▶ Required action
Copy each line of the data below exactly, leaving out pictures.

▶ Recorded data

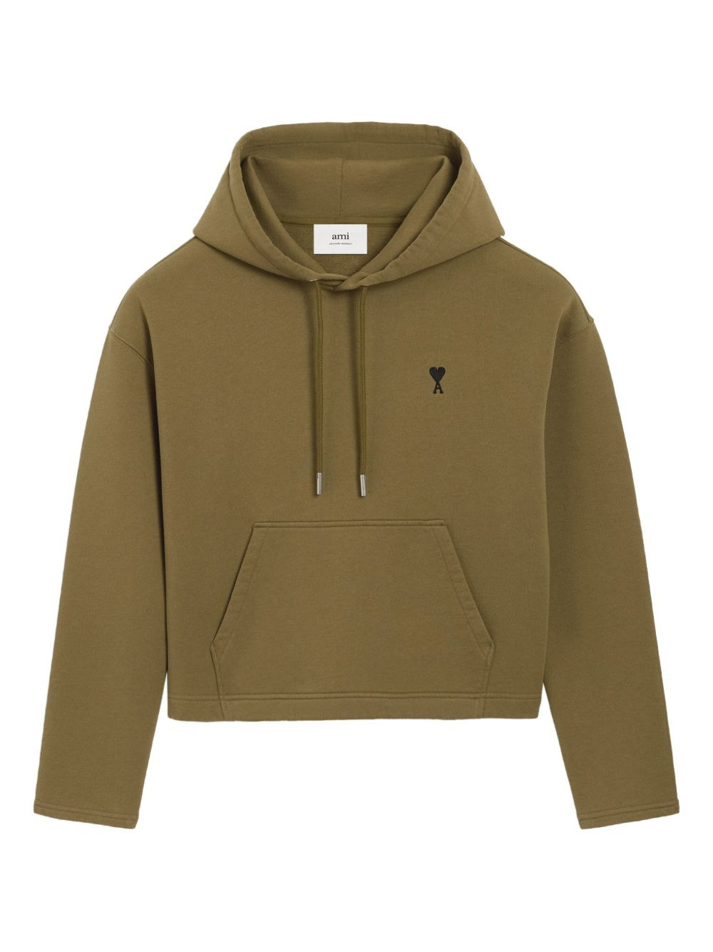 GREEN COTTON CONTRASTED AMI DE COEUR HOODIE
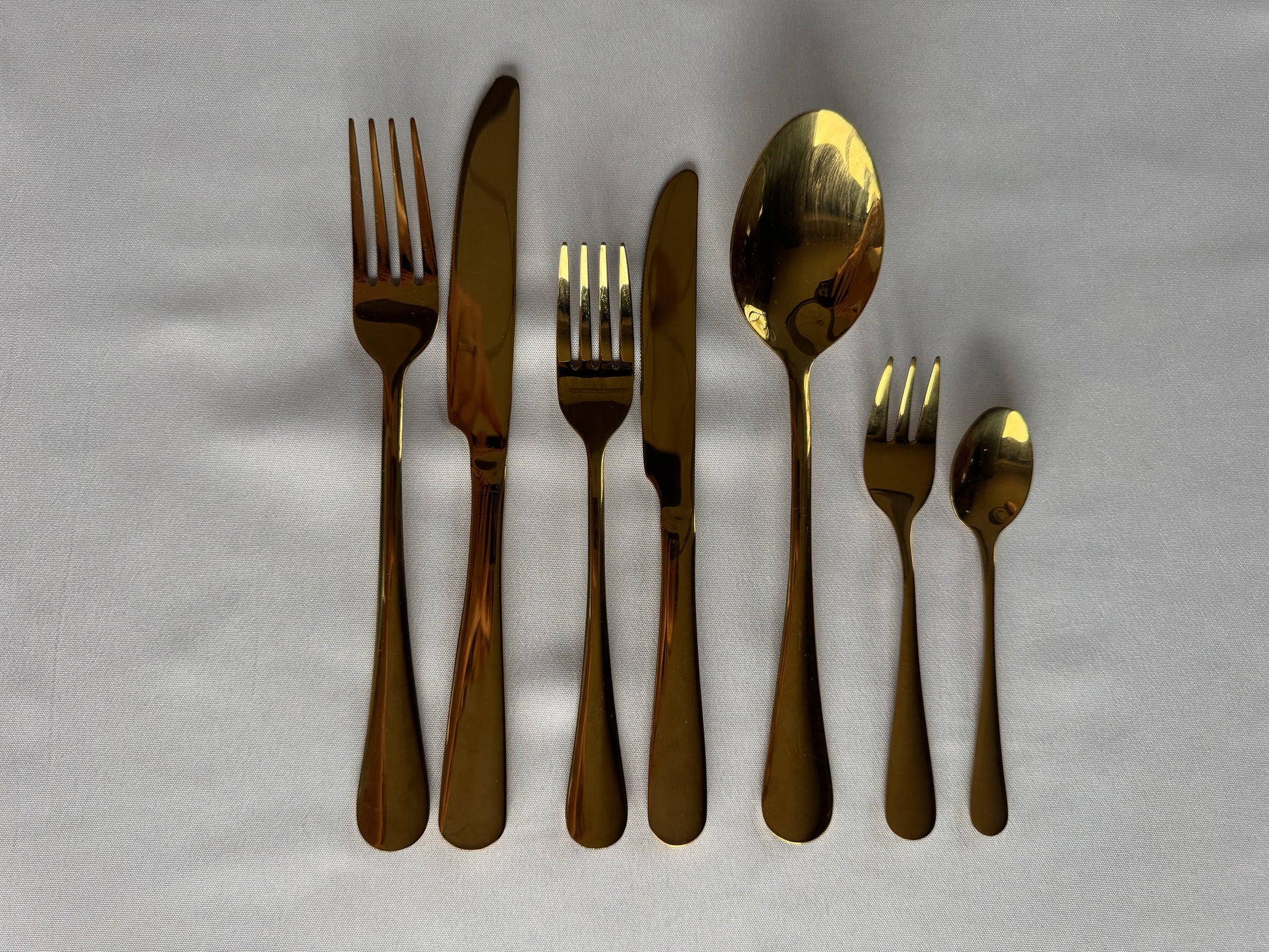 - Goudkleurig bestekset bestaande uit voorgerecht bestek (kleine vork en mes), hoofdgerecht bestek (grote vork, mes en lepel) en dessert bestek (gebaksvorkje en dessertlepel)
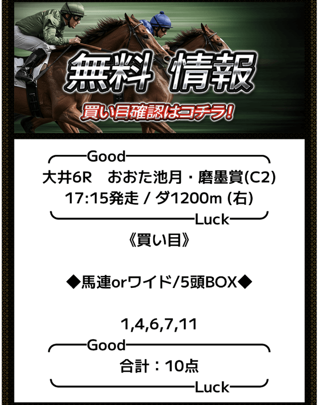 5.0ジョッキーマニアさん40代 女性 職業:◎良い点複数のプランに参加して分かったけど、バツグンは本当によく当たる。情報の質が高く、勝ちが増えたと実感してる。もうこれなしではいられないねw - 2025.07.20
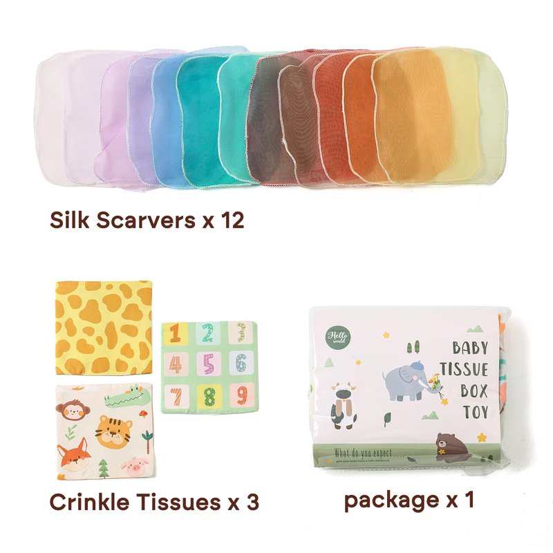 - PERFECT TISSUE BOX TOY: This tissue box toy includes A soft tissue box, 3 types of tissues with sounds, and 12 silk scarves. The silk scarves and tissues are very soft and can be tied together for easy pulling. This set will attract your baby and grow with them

▶ Response to the task
 GREEN COTTON CONTRASTED AMI DE COEUR HOODIE
 - Goudkleurig bestekset bestaande uit voorgerecht bestek (kleine vork en mes), hoofdgerecht bestek (grote vork, mes en lepel) en dessert bestek (gebaksvorkje en dessertlepel)
 5.0ジョッキーマニアさん40代 女性 職業:◎良い点複数のプランに参加して分かったけど、バツグンは本当によく当たる。情報の質が高く、勝ちが増えたと実感してる。もうこれなしではいられないねw - 2025.07.20
 - PERFECT TISSUE BOX TOY: This tissue box toy includes A soft tissue box, 3 types of tissues with sounds, and 12 silk scarves. The silk scarves and tissues are very soft and can be tied together for easy pulling. This set will attract your baby and grow with them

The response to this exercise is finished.